Conversely, it is odd that González-Santillán & ÁlvarezPadilla (2015) redescribed M. granosus from exactly the same locality, but they did not record the existence of the second, much larger species there. González-Santillán & ÁlvarezPadilla (2015: 75, 77) explicitly stated that their specimens were collected exclusively in the oak forest, where according to our data M. orizaba sp. n. seems not to occur, thus, it apparently went undetected by them.

There is one locality record published as M. gertschi by Soleglad (1976) and González- Santillán et al. (2017), which could well actually belong to its closest-relative M. orizaba sp. n.: 11.2 km southeast of Las Vigas de RamÍrez, in Veracruz State. This site is located roughly 55 km to the north of Atotonilco, in the same mountain system (eastern tip of the Trans-Mexican Neovolcanic Belt) and at similar altitude (2,420 m); even the reference to a “subadult male” ( Soleglad, 1976: 284; González-Santillán et al., 2017: 237) suggests one of the main diagnostic features of M. orizaba sp. n., i.e., the weaker development of the pedipalp finger lobe/ notch combination.

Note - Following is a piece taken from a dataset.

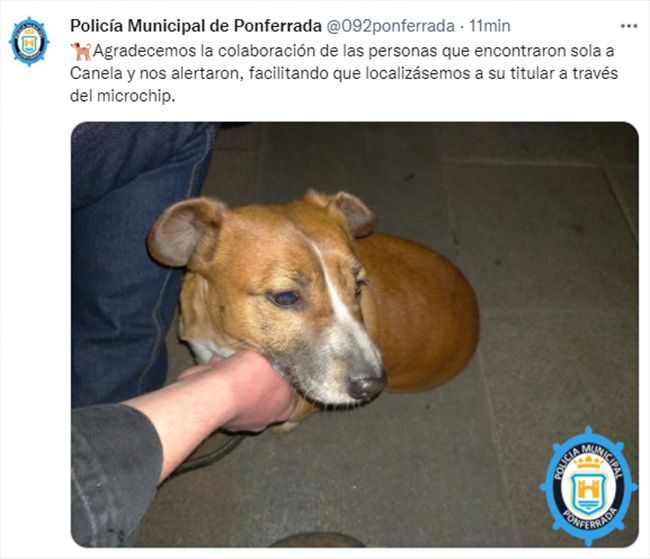 La Policía de Ponferrada ha encontrado en la tarde de este martes a Canela, un perro perdido en la localidad ponferradina gracias a la colaboración de los ciudadanos. Así lo han explicado en las redes sociales: "Agradecemos la

Incidentally, there is some confusion in the previous literature about this character, i.e., it has been incorrectly assumed that a weak lobe/notch combination indicates a subadult male (see, e.g., Soleglad, 1976: 285). Nevertheless, by rearing dozens of specimens from birth to adulthood in captivity, we have confirmed that in all Megacormus species whose male has pedipalp fingers with lobe/notch combination developed, this character state appears only with the terminal ecdysis to adult, i.e., subadult males entirely lack such combination and its fingers resemble those of adult and juvenile females.